The Antikythera Mechanism was found in swallow water off the coast of the Greek island of Antikythera, and that is how it got its name. Antikythera Mechanism is now understood to be dedicated to astronomical phenomena and operates as a complex mechanical "calculator" which tracks the cycles of the Solar System. The Antikythera Mechanism dates from around the 1st century B.C. and is the most sophisticated mechanism known from the ancient world.

Fragments

Original bronze fragments of the Antikythera Mechanism, including the largest, Fragment A (center). Together, some 85 fragments reveal a highly sophisticated mechanism with about 30 bronze geared wheels and plates, apparently to calculate the time and positions of various planetary, solar, and lunar events. It was also able to follow the movements of the Moon and the Sun, predict eclipses and even recreate the irregular orbit of the Moon. The mechanism predicted lunar and solar eclipses on the basis of Babylonian arithmetic-progression cycles. Calendars were important to ancient societies for timing agricultural activity and fixing religious festivals. Eclipses and planetary motions were often interpreted as omens, while the calm regularity of the astronomical cycles must have been philosophically attractive in an uncertain and violent world.

3d rendering

Reference: National Archeological Museum of Athens, Greece.

spot
Where on earth is Antikythera?
The Antikythera island lies 22 nautical miles south of Kythera and 18 miles north of Crete, in a location that controls the passage from the Aegean towards the open sea of the western Mediterranean.

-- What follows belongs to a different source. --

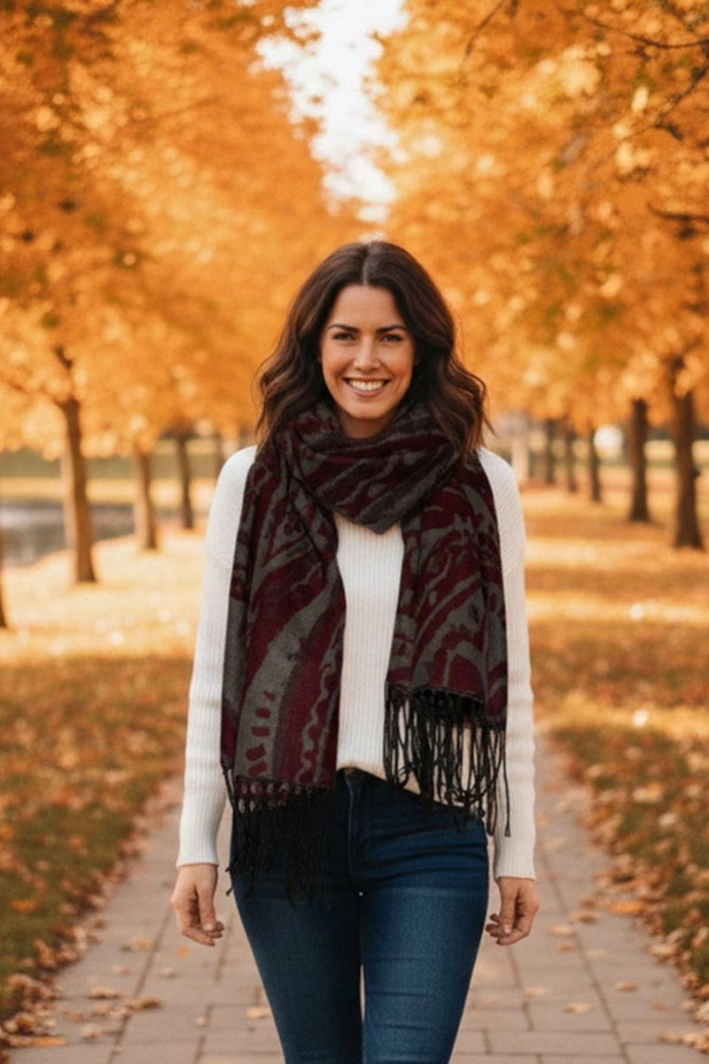 Grijs-bordeaux sjaal met bloemen Colonie

The only useful anchorage of the island is in the Bay of Potamos, exposed to the prevailing northerly winds. Archeological finds show that the oldest settlement on the island was established in the late Neolithic period and the early Bronze Age, or 4000-3000 BC. Antikythera has had many names in its history. Its ancient name was "Aigila" or "Aigilia". Subsequently it became known as "Lioi" and "Sigilio", names that were used until the seventeenth century. From the eighteenth century on it was called "Cerigotto". (The larger island of Kythera was then called "Cerigo", thus Cerigotto meant "little Cerigo"). The name Antikythera came later.